■ EXTRACTED DATA
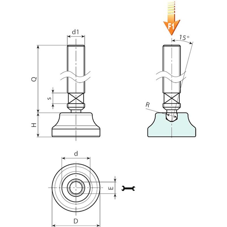 Atención: El límite de carga F1 expresado es inferior a la carga de rotura en un 30 % y se entiende como estático.
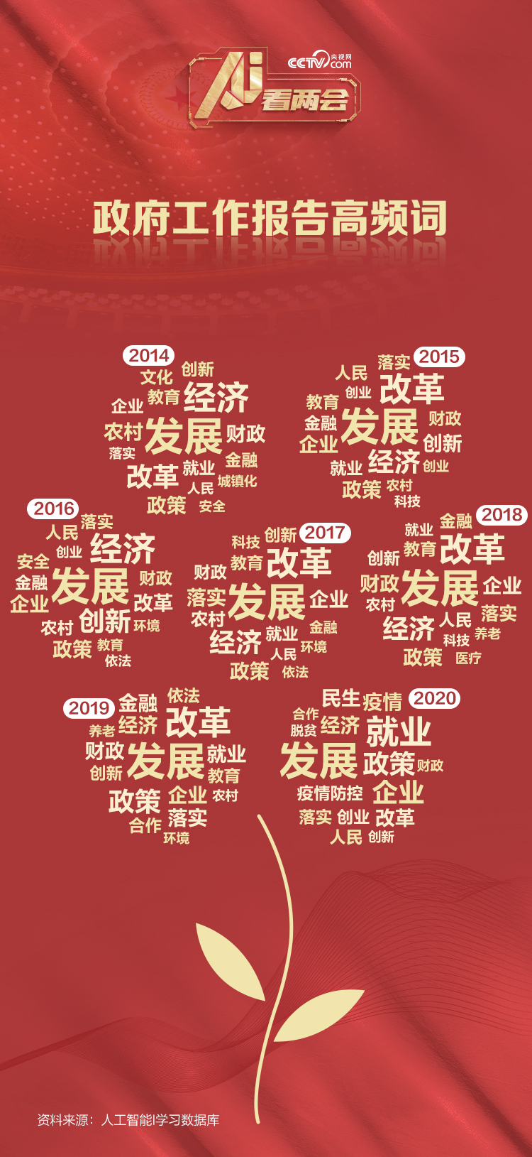 依托人工智能I學習數據庫,央視網人工智能編輯部還分析了2014年以來每一份政府工作報告的高頻詞。
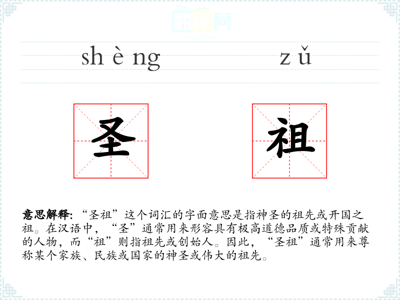 “圣祖”这个词汇的字面意思是指神圣的祖先或开国之祖。在汉语中,“圣”通常用来形容具有极高道德品质或特殊贡献的人物,而“祖”则指祖先或创始人。因此,“圣祖”通常用来尊称某个家族、民族或国家的神圣或伟大的祖先。
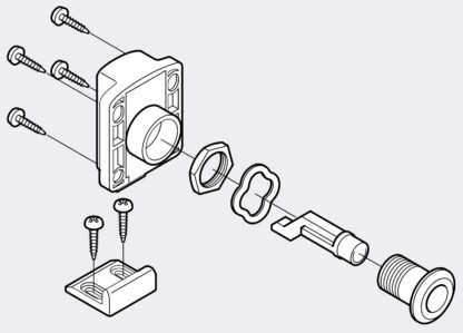 - Korpus rygla wkręca się we wstępnie narysowane otwory szczelinowe za pomocą czterech wkrętów do płyt wiórowych 3 x 14 mm, przy czym w zależności od grubości drzwi wkłada się pierścień dystansowy
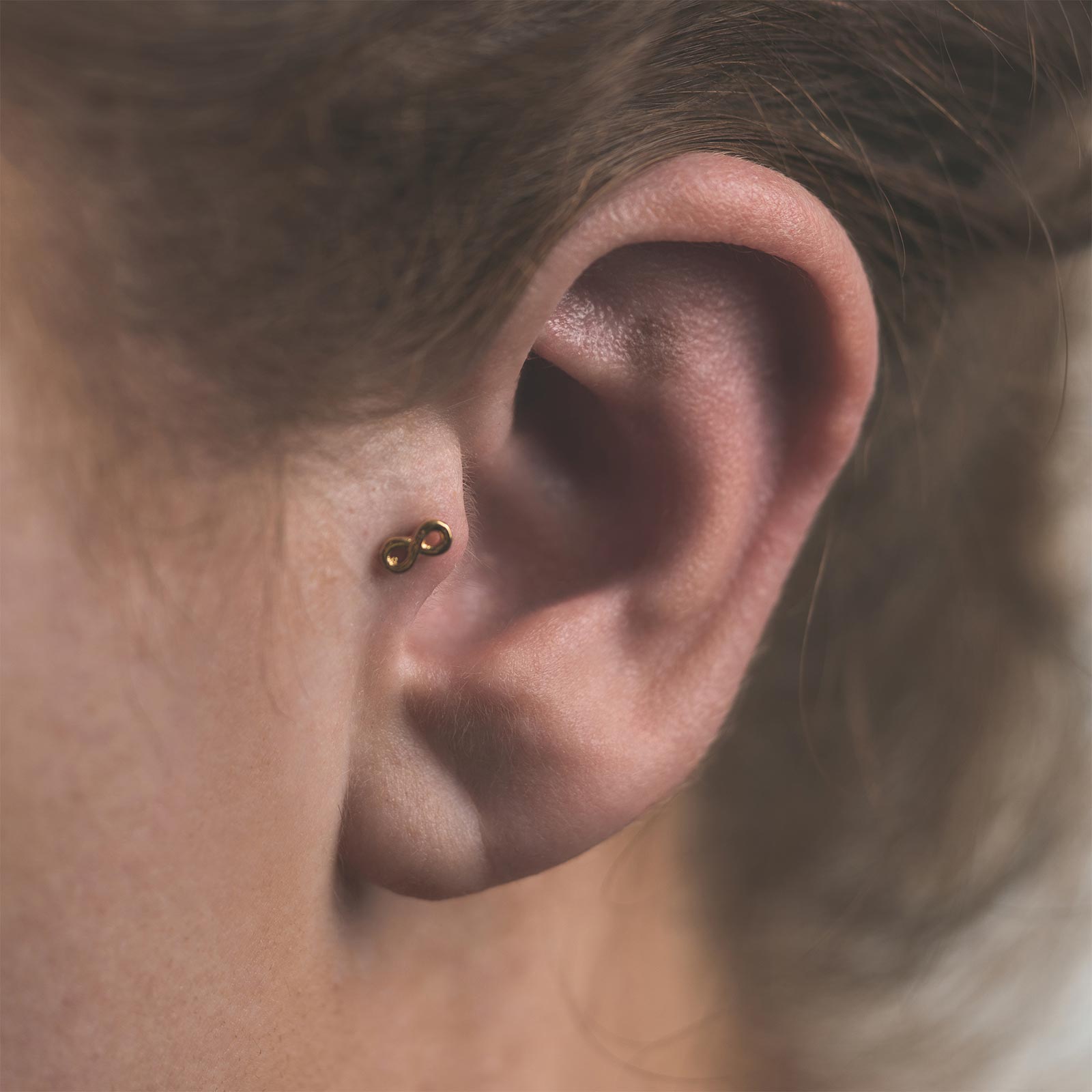 Infinity Symbol 18k Gold Plated Threadless Top Model Shot
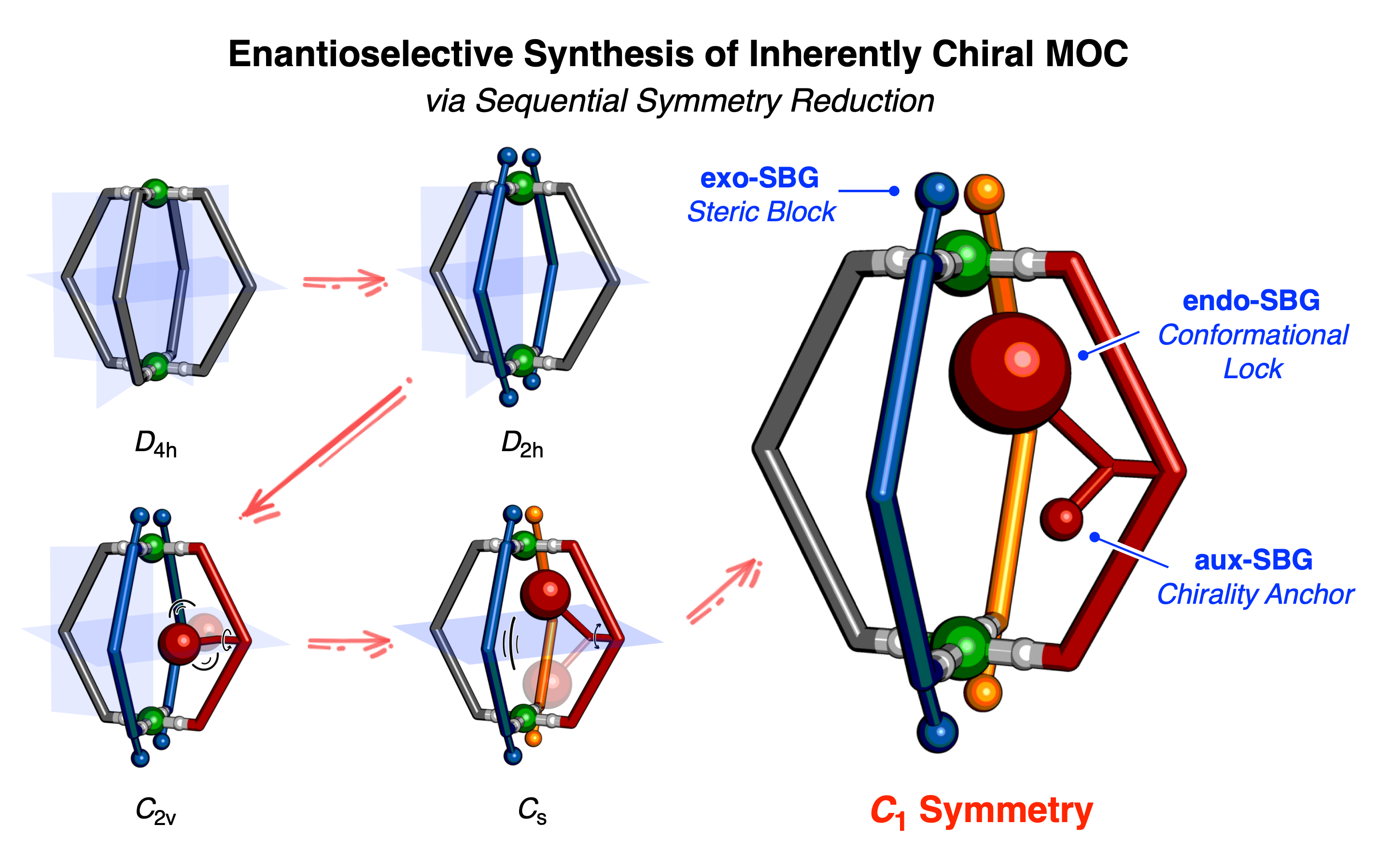 张琦课题组利用逐步对称破缺的策略,首次实现具有固有手性的C1对称超分子笼的对映选择性合成。该研究以D4h对称的Pd2L4金属有机笼为起点,通过依次引入一个腔外和两个腔内对称性破坏基团(SBG),系统地将对称性降低至D2h、C2v、Cs,最终获得C1对称结构。其中,腔内SBG带有中心手性,能够将手性有效地传递至整个笼状框架,从而驱动对映选择性组装。密度泛函理论计算与变温核磁共振实验进一步揭示了手性诱导的机理。通过更换不同的腔内SBG及内部官能团,成功构建了一系列具有手性空腔的结构,证明了该策略的通用性。初步的主客体研究表明,该类手性空腔能够结合中性及阴离子客体分子。空腔固有的不对称性可实现对手性客体的区分,并且其选择性可通过在空腔内引入小官能团进行精细调控。本研究发展了一种构建高度不对称限域纳米空间的普适性方法,为不对称催化与分子识别等领域提供了新的研究思路。
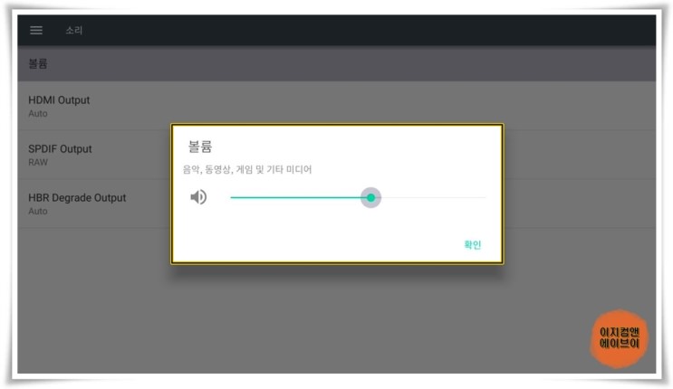 ' 볼륨 ' 항목을 통해서 출력되는 소리의 크기를 조절 할 수가 있습니다.
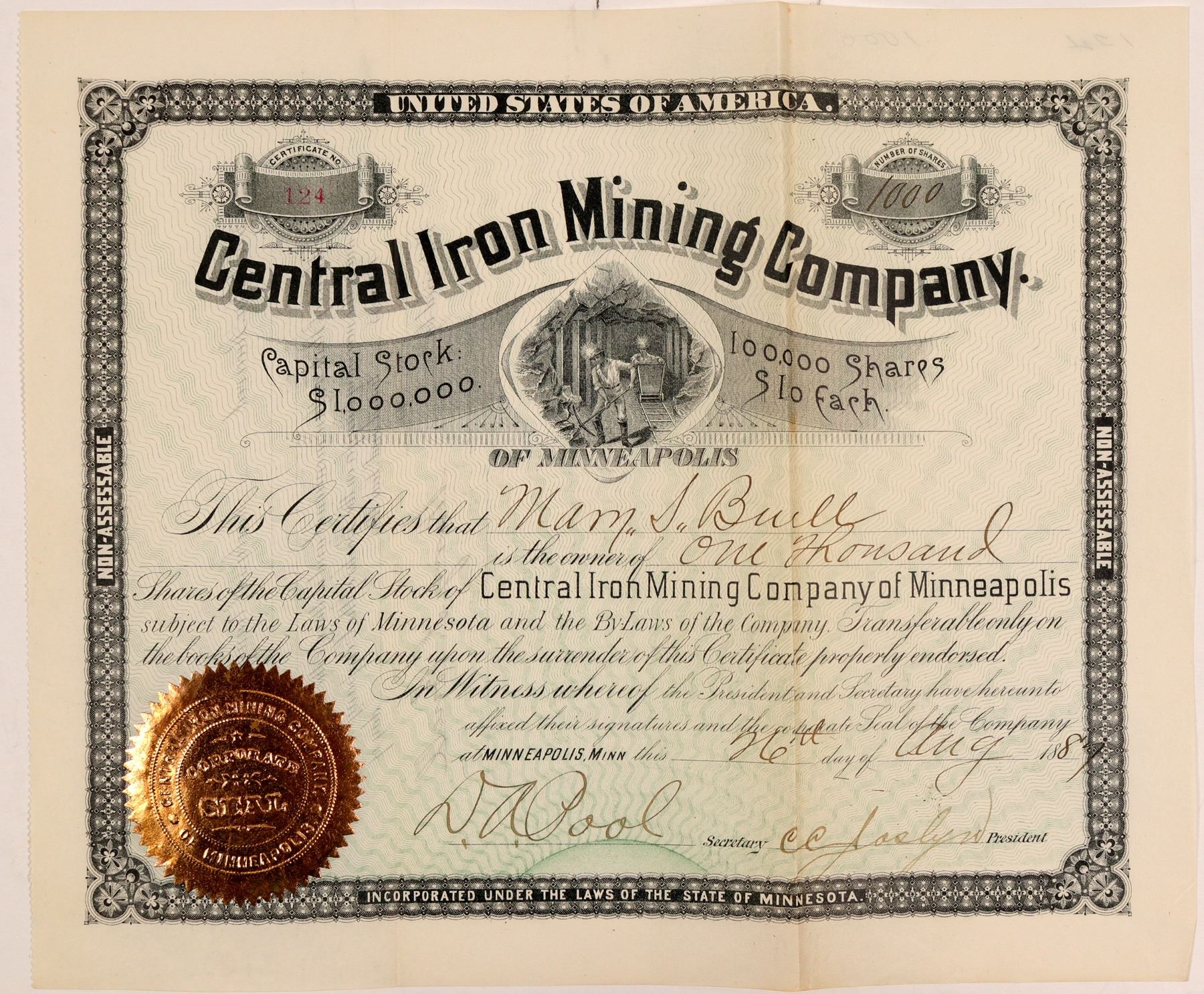 I/U #124 Mary Buell 1000 shares 1887. Signed by president CC Joslyn. Minnesota iron deposits
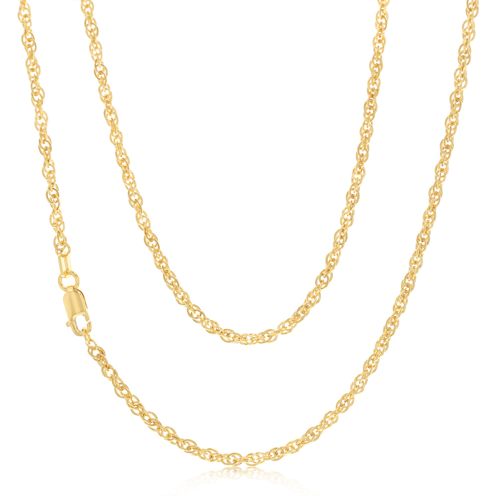 9ct Yellow Gold Hollow 42 Gauge Double Rope 45cm Chain
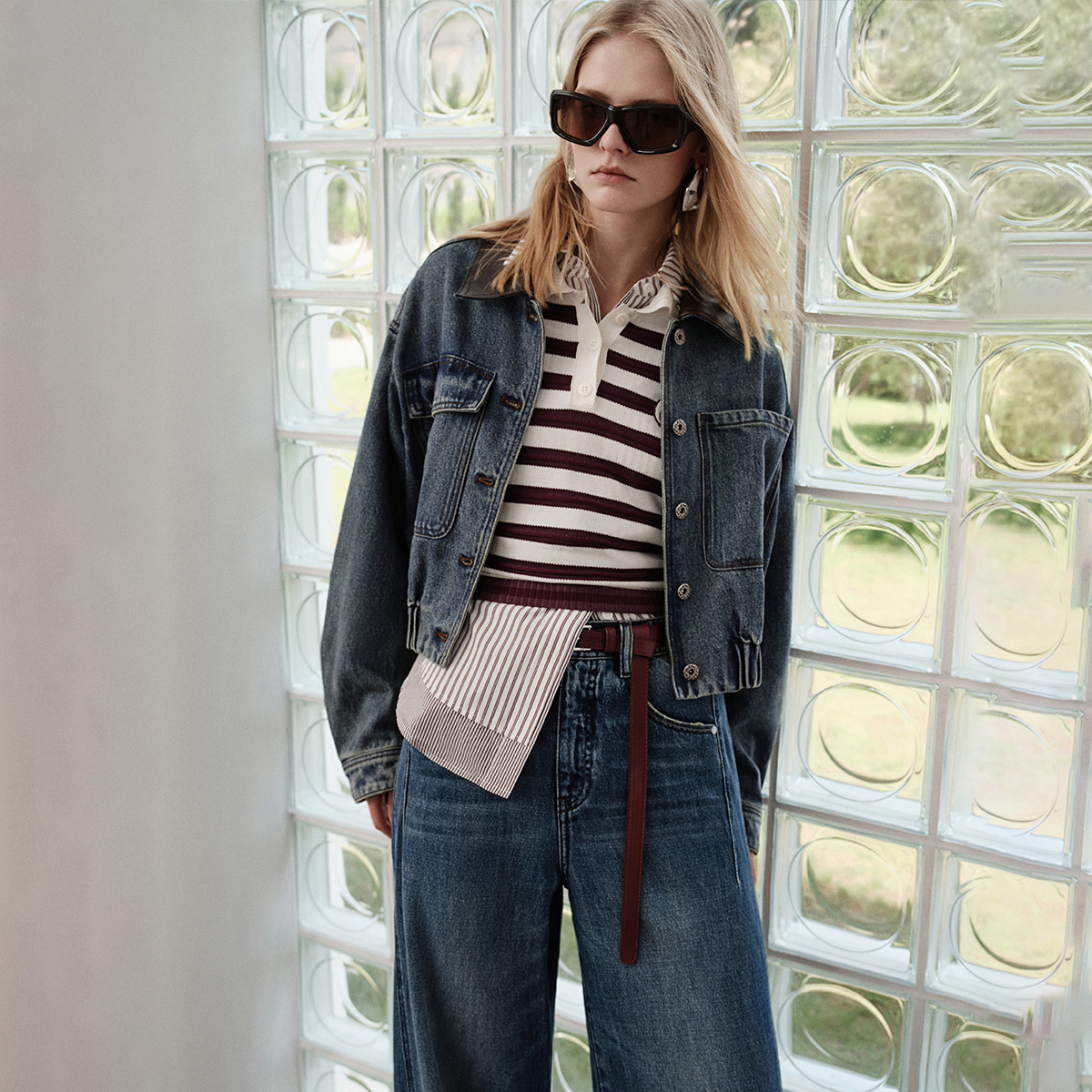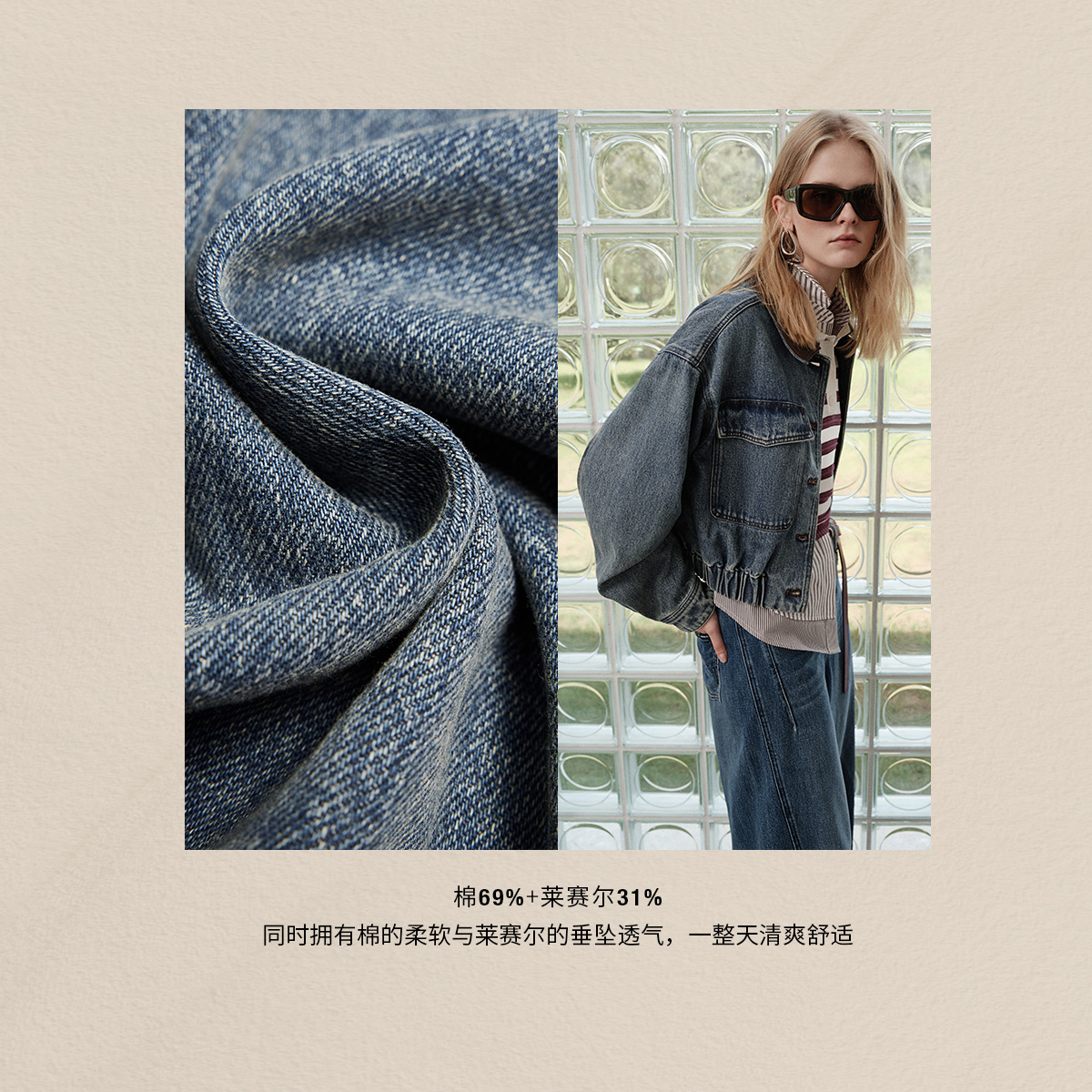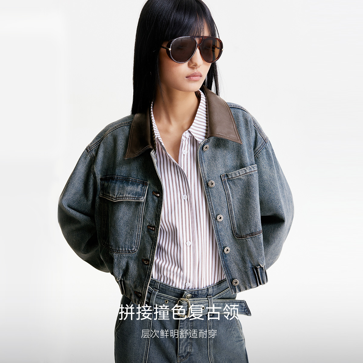 饰口袋落肩牛仔外套女 酷飒拼接翻领不对称装 ONLY2025秋季 新款

■ THE PROBLEM
Copy out the listing exactly as it stands, but not the pictures.

■ FINAL ANSWER
 Atención: El límite de carga F1 expresado es inferior a la carga de rotura en un 30 % y se entiende como estático.
 依托人工智能I學習數據庫,央視網人工智能編輯部還分析了2014年以來每一份政府工作報告的高頻詞。
 “圣祖”这个词汇的字面意思是指神圣的祖先或开国之祖。在汉语中,“圣”通常用来形容具有极高道德品质或特殊贡献的人物,而“祖”则指祖先或创始人。因此,“圣祖”通常用来尊称某个家族、民族或国家的神圣或伟大的祖先。
 - Korpus rygla wkręca się we wstępnie narysowane otwory szczelinowe za pomocą czterech wkrętów do płyt wiórowych 3 x 14 mm, przy czym w zależności od grubości drzwi wkłada się pierścień dystansowy
 Infinity Symbol 18k Gold Plated Threadless Top Model Shot
 张琦课题组利用逐步对称破缺的策略,首次实现具有固有手性的C1对称超分子笼的对映选择性合成。该研究以D4h对称的Pd2L4金属有机笼为起点,通过依次引入一个腔外和两个腔内对称性破坏基团(SBG),系统地将对称性降低至D2h、C2v、Cs,最终获得C1对称结构。其中,腔内SBG带有中心手性,能够将手性有效地传递至整个笼状框架,从而驱动对映选择性组装。密度泛函理论计算与变温核磁共振实验进一步揭示了手性诱导的机理。通过更换不同的腔内SBG及内部官能团,成功构建了一系列具有手性空腔的结构,证明了该策略的通用性。初步的主客体研究表明,该类手性空腔能够结合中性及阴离子客体分子。空腔固有的不对称性可实现对手性客体的区分,并且其选择性可通过在空腔内引入小官能团进行精细调控。本研究发展了一种构建高度不对称限域纳米空间的普适性方法,为不对称催化与分子识别等领域提供了新的研究思路。
 ' 볼륨 ' 항목을 통해서 출력되는 소리의 크기를 조절 할 수가 있습니다.
 I/U #124 Mary Buell 1000 shares 1887. Signed by president CC Joslyn. Minnesota iron deposits
 9ct Yellow Gold Hollow 42 Gauge Double Rope 45cm Chain
 饰口袋落肩牛仔外套女 酷飒拼接翻领不对称装 ONLY2025秋季 新款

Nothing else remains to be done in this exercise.